LLMOps: Production Prompt Engineering Patterns with Hamilton – FAQs

Frequently Asked Questions

1. What is LLMOps?

LLMOps stands for Low Latency Multi-Operation Systems. It is a production prompt engineering pattern that focuses on minimizing latency and improving system performance in multi-operation environments.

2. How does LLMOps benefit production prompt engineering?

LLMOps enables faster and more efficient processing of multiple operations, reducing latency and improving overall system performance. By implementing LLMOps, organizations can streamline their production prompts and enhance the effectiveness of their engineering patterns.

3. What is Hamilton?

Hamilton is a framework that implements LLMOps and provides a set of tools and resources for building multi-operation systems. It offers a scalable and fault-tolerant infrastructure to handle complex production prompt engineering requirements.

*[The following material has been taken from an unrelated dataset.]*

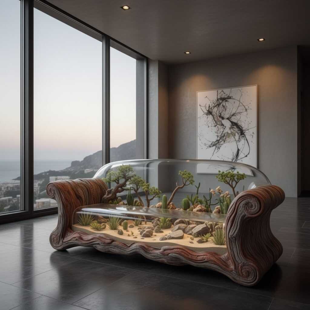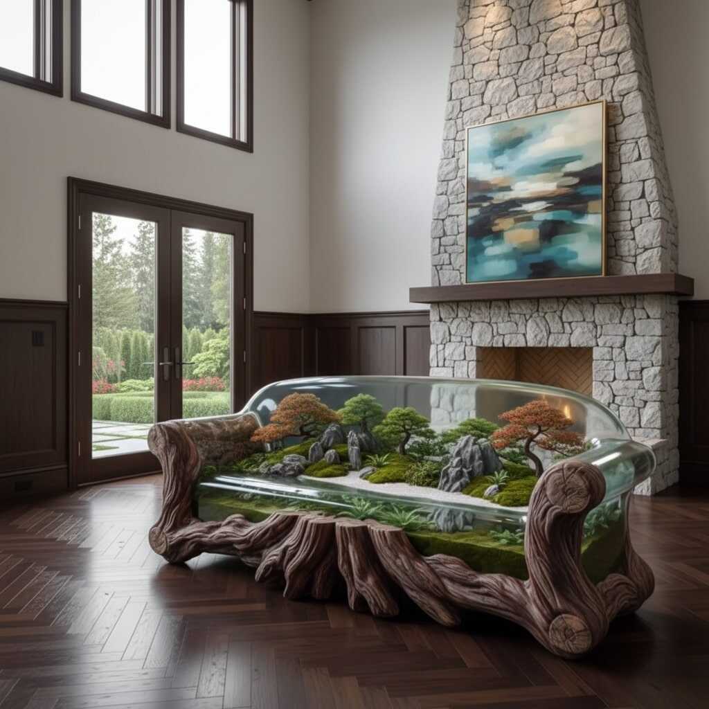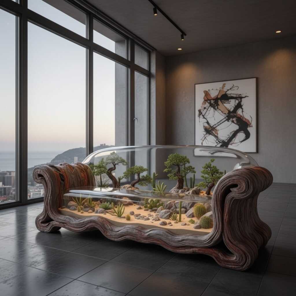The upholstery work comes next. Designers often choose fabrics or cushions that complement the embedded environment. A sofa showcasing a flowing river may feature cool-toned cushions that echo water, while a forest-inspired scene may lean toward warm earth tones. The end result is a seamless blend of traditional comfort and extraordinary epoxy artistry.

4. How can I implement LLMOps with Hamilton?

To implement LLMOps with Hamilton, you need to first understand the concepts and principles behind LLMOps. Then, you can leverage Hamilton’s framework and resources to design and develop your production prompt engineering patterns. Hamilton provides extensive documentation and examples to guide you through the implementation process.

5. Are there any specific requirements to use LLMOps with Hamilton?

Using LLMOps with Hamilton requires a basic understanding of production prompt engineering, distributed systems, and software development. Familiarity with programming languages such as Python or Java is recommended for implementing LLMOps patterns effectively.

6. Can LLMOps be used in any industry?

Yes, LLMOps can be applied in various industries that involve multi-operation systems, such as finance, e-commerce, telecommunications, and healthcare. Any organization that deals with high-volume operations can benefit from implementing LLMOps with Hamilton.

7. Is LLMOps suitable for both small-scale and large-scale systems?

LLMOps is designed to be scalable and adaptable to different system sizes. Whether you have a small-scale or large-scale system, LLMOps with Hamilton can be tailored to meet your specific production prompt engineering needs.

8. Can LLMOps and Hamilton help improve system reliability?

Yes, LLMOps and Hamilton contribute to improved system reliability by providing fault-tolerant infrastructure and efficient processing of multiple operations. By incorporating LLMOps and Hamilton into your production prompt engineering patterns, you can enhance the stability and dependability of your systems.

9. Are there any success stories of implementing LLMOps with Hamilton?

Yes, several organizations have successfully implemented LLMOps with Hamilton and achieved significant performance improvements in their production prompt engineering. These success stories demonstrate the effectiveness and value of LLMOps and Hamilton in various industries.

10. How can I get started with LLMOps and Hamilton?

To get started with LLMOps and Hamilton, you can visit the official Hamilton website for documentation, tutorials, and examples. The website provides comprehensive resources to help you understand LLMOps and implement it effectively with Hamilton.